__TASK ITEM__
Could you repeat, word for word, the line with "LOUIS VUITTON Brown" and every line after it in the records below, leaving out any pictures?

__INPUT DATA__
* * * *

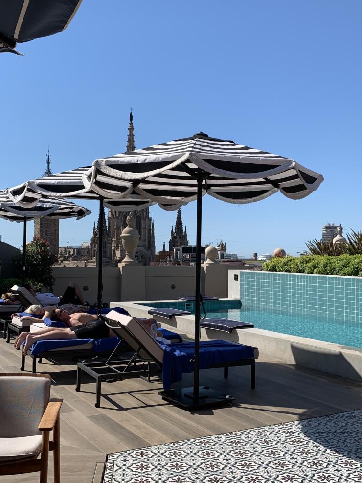 이번 여행 동안 여러 호텔에 머물게 되었는데, 인상 깊었던 점은 다른 유럽에 비해 가격 대비 호텔이 훌륭하며, 잘 갖춰진 루프탑이 있다는 점이에요. 레스토랑이나 바 또는 작은 풀이 있어 일광욕이나 수영을 즐길 수 있답니다. 바르셀로나의 풍경이 내려다보이는 루프탑에서 아름다운 날씨와 여유도 꼭 즐겨보길 추천해요.
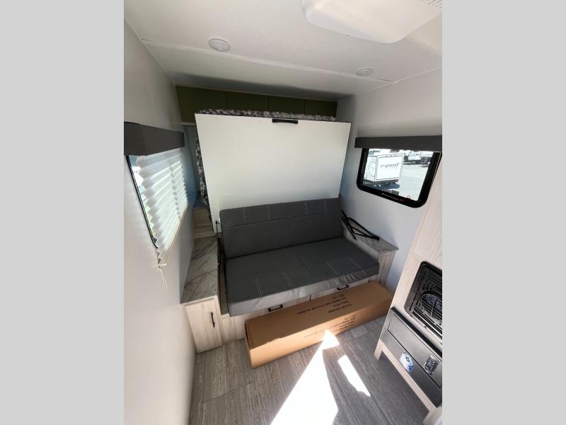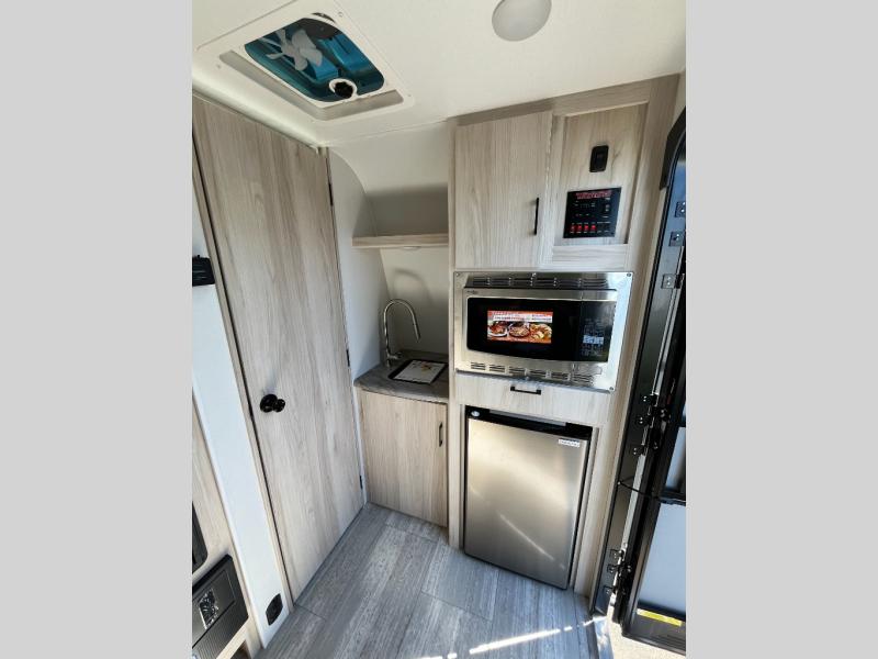 Calling all adventure seekers; this trailer allows you to explore the limits whether at a state park campsite or roaming for some peace and solitude. Seating can be found on the sofa during the day as you dine at the folding table, and at night the 54" x 74" Murphy bed sets up quickly. There are two nightstands to place your personal items, a wardrobe for your clothes, and the wet bath allows you to skip any public facilities. You can cook inside using the convection microwave or the portable induction cooktop, and use the undermount single bowl sink with a cover to wash the dishes, then store your leftovers in the 3.3 cu. ft. 12V refrigerator.
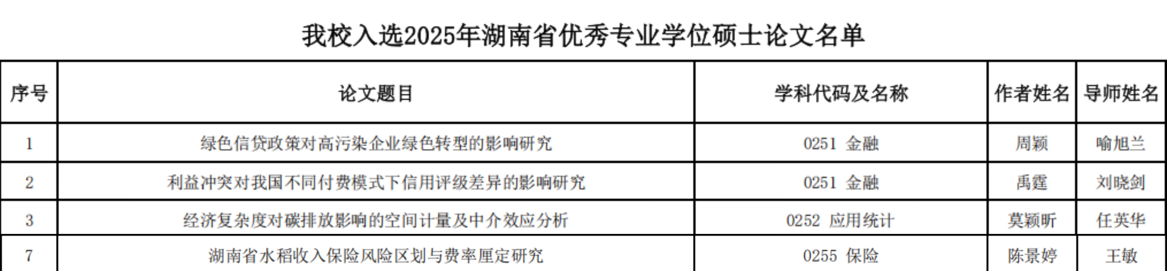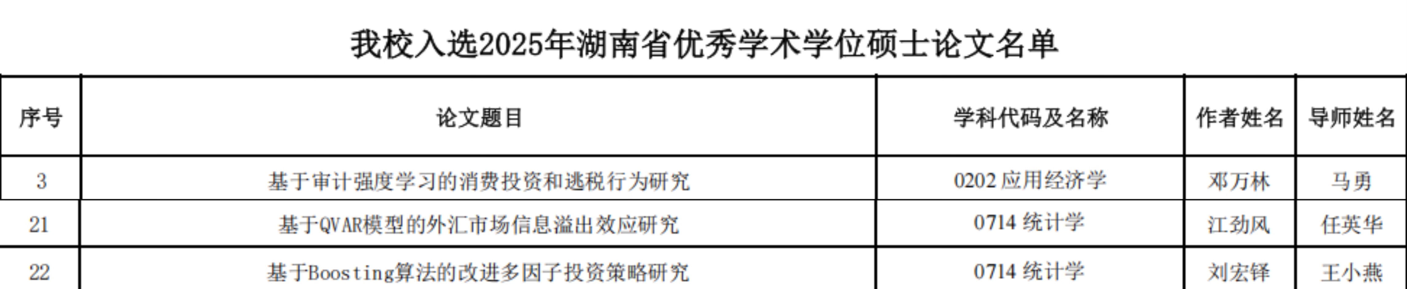 近日,湖南省教育厅公布了2025年湖南省优秀硕士学位论文名单,新葡京博彩官网 共有7篇论文入选湖南省优秀硕士学位论文,这7篇论文分别由新葡京博彩官网 马勇老师、任英华老师、王小燕老师、喻旭兰老师、刘晓剑老师、王敏老师指导。
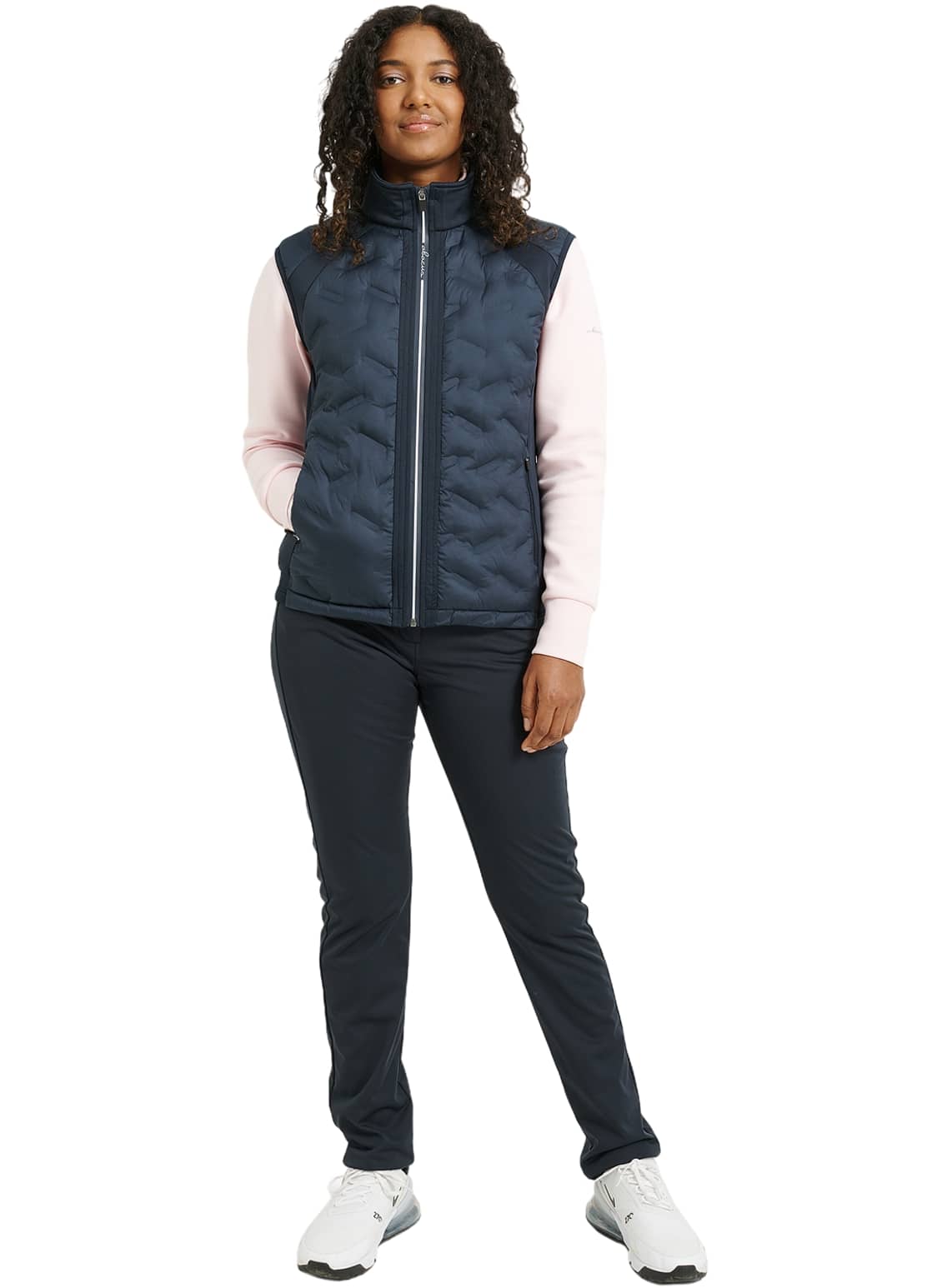 The Abacus Portrush Hybrid women's vest is made from seamless quilted, windproof fabric that is padded at the front and back padded at the front and back to keep you warm. The side panels are made from a very stretchy fleece, which ensures better freedom of movement. The fleece is breathable and brushed on the inside. The vest has a full front zipper and two front pockets. front pockets. The hem and inner collar are made of knitted rib material with ribbed material with textured stripes, which creates a beautiful effect. effect. The Abacus logo is located on the back collar and on the front zipper. front zipper.
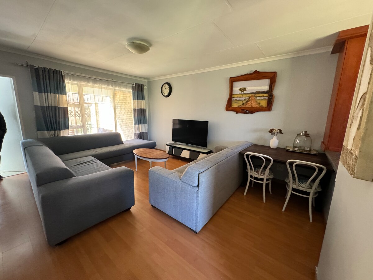 Alojamiento espacioso y soleado. Un montón de espacio para relajarse , mientras disfrutas del clima de alta velocidad. Siéntate y disfruta de tu café por la mañana en un jardín colorido, que observa la avifauna . Nueva área pavimentada con mesa y sillas, un braai bajo petición. Por favor traiga su propio carbón. Ahora con la copia de seguridad de la electricidad ⚡️y el agua 💦
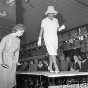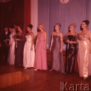 Maj 1983, Warszawa, Polska. Sala Kongresowa, wybory Miss Mazowsza będące eliminacją do wyborów Miss Polonia, prezentacja kandydatek w sukienkach. Fot. Jarosław Tarań, zbiory Ośrodka KARTA [83-44]
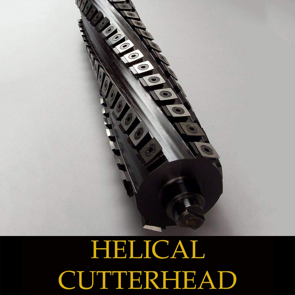 - Helical cutterhead with 125 four-sided carbide knife inserts for smoother, quieter cutting
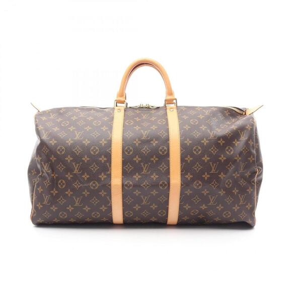 LOUIS VUITTON Brown Monogram Leather Keepall 55 Boston Bag
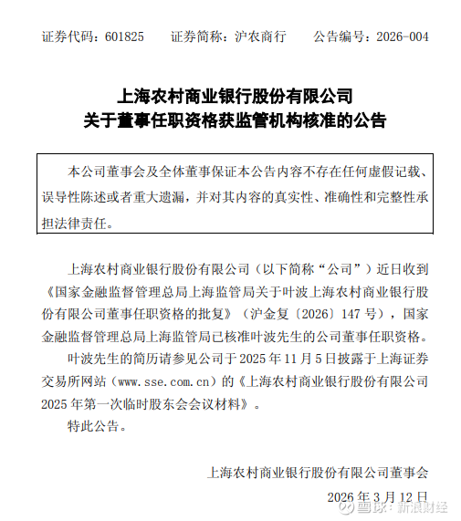 3月11日金融一线消息,沪农商行发布公告称,公司日收到《国家金融监督管理总局上海监管局关于叶波上海农村商业银行股份有限公司董事任职资格的批复》(沪金复〔2026〕147号),国家金融监督管理总局上海监管局已核准叶波的公司董事任职资格。
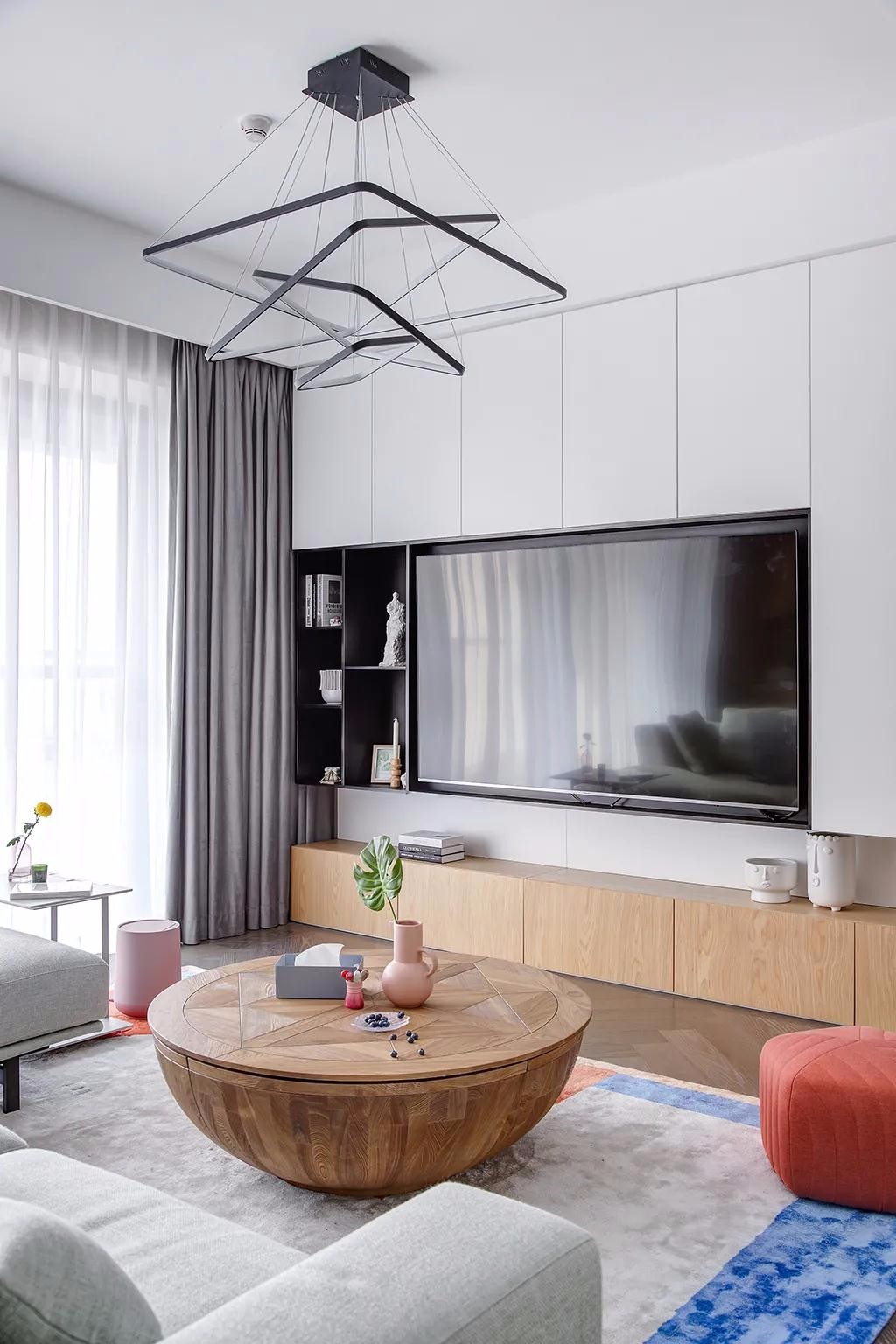 ▲底部木质电视柜,而上方则是采取黑白配,地毯是灰色主题加入蓝色与粉色的组合,搭配一个红色的鼓凳、茶几上粉色花瓶、灰色纸巾盒,也这个空间显得更加简约浪漫。
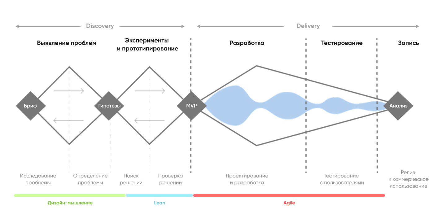 Такой подход позволяет экономить ресурсы на разработку — идеи тестируется на дешевых прототипах и проблемы выявляются заранее, а выпускаются только те продукты, которые будут полезны и востребованы у потребителей.
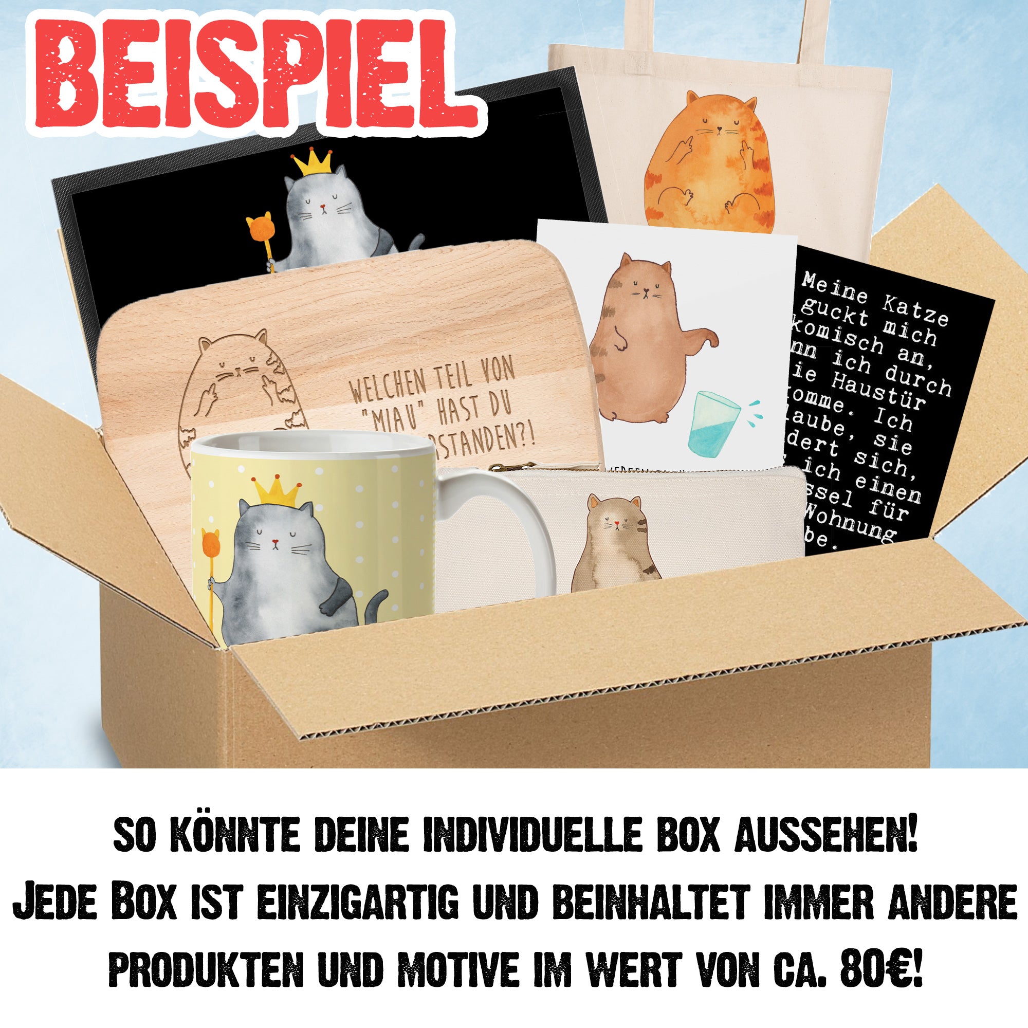 In unserer Katzen Mystery Box findest du die schönsten Katzen Motive, die den eigensinnigen und liebenswerten Charakter von Katzen widerspiegeln und Katzenliebhaber Herzen höher schlagen lassen. Lustige Sprüche, die mitten ins Herz treffen und für ein glückliche Momente sorgen machen das Paket perfekt.
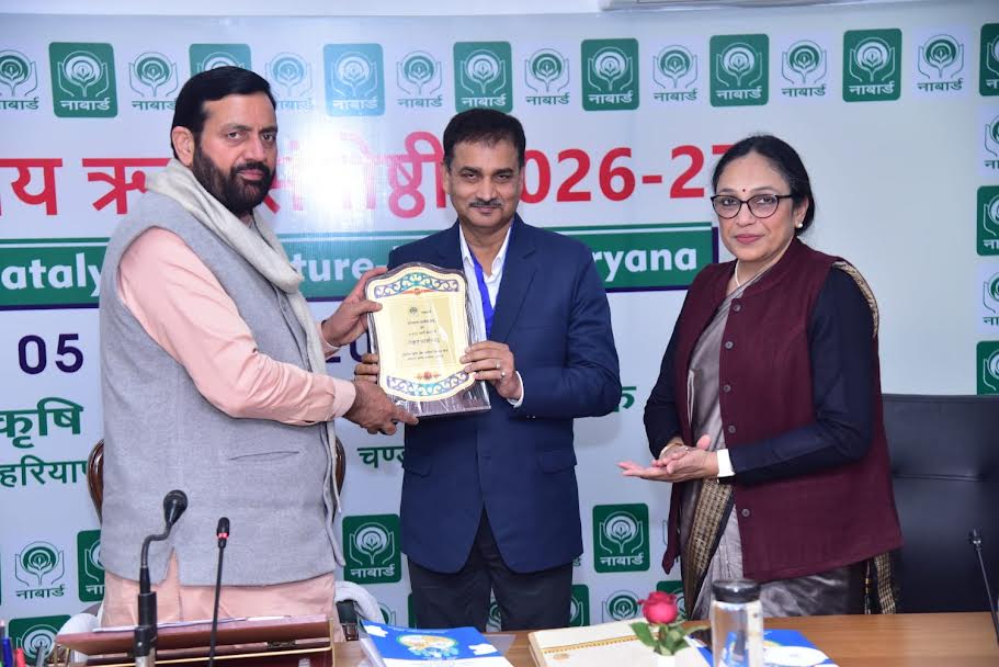 फरीदाबाद। नाबार्ड द्वारा आयोजित राज्य ऋण संगोष्ठी में डिजिटल केसीसी ऋण – उत्कृष्ट प्रदर्शन करने पर हरियाणा के मुख्यमंत्री द्वारा हरियाणा ग्रामीण बैंक को प्रदान किया गया। यह पुरस्कार बैंक की ओर से महाप्रबंधक एम. के. झा द्वारा प्राप्त किया गया। श्री झा ने पुरस्कार देने पर मुख्यमंत्री का आभार जताया और विश्वास दिलाया कि बैंक अपने दायित्व का भविष्य में इसी तरह निर्वहन करता रहेगा। गौरतलब है कि यह गौरवपूर्ण उपलब्धि ग्रामीण विकास, कृषक कल्याण, वित्तीय समावेशन एवं डिजिटल बैंकिंग के प्रति एचजीबी की सशक्त प्रतिबद्धता को दर्शाती है। इस उल्लेखनीय सम्मान पर महाप्रबंधक श्री झा ने सम्पूर्ण एचजीबी परिवार को हार्दिक शुभकामनाएं दी है।

* * * *

__OUTPUT OF THE TASK__
 LOUIS VUITTON Brown Monogram Leather Keepall 55 Boston Bag
 3月11日金融一线消息,沪农商行发布公告称,公司日收到《国家金融监督管理总局上海监管局关于叶波上海农村商业银行股份有限公司董事任职资格的批复》(沪金复〔2026〕147号),国家金融监督管理总局上海监管局已核准叶波的公司董事任职资格。
 ▲底部木质电视柜,而上方则是采取黑白配,地毯是灰色主题加入蓝色与粉色的组合,搭配一个红色的鼓凳、茶几上粉色花瓶、灰色纸巾盒,也这个空间显得更加简约浪漫。
 Такой подход позволяет экономить ресурсы на разработку — идеи тестируется на дешевых прототипах и проблемы выявляются заранее, а выпускаются только те продукты, которые будут полезны и востребованы у потребителей.
 In unserer Katzen Mystery Box findest du die schönsten Katzen Motive, die den eigensinnigen und liebenswerten Charakter von Katzen widerspiegeln und Katzenliebhaber Herzen höher schlagen lassen. Lustige Sprüche, die mitten ins Herz treffen und für ein glückliche Momente sorgen machen das Paket perfekt.
 फरीदाबाद। नाबार्ड द्वारा आयोजित राज्य ऋण संगोष्ठी में डिजिटल केसीसी ऋण – उत्कृष्ट प्रदर्शन करने पर हरियाणा के मुख्यमंत्री द्वारा हरियाणा ग्रामीण बैंक को प्रदान किया गया। यह पुरस्कार बैंक की ओर से महाप्रबंधक एम. के. झा द्वारा प्राप्त किया गया। श्री झा ने पुरस्कार देने पर मुख्यमंत्री का आभार जताया और विश्वास दिलाया कि बैंक अपने दायित्व का भविष्य में इसी तरह निर्वहन करता रहेगा। गौरतलब है कि यह गौरवपूर्ण उपलब्धि ग्रामीण विकास, कृषक कल्याण, वित्तीय समावेशन एवं डिजिटल बैंकिंग के प्रति एचजीबी की सशक्त प्रतिबद्धता को दर्शाती है। इस उल्लेखनीय सम्मान पर महाप्रबंधक श्री झा ने सम्पूर्ण एचजीबी परिवार को हार्दिक शुभकामनाएं दी है।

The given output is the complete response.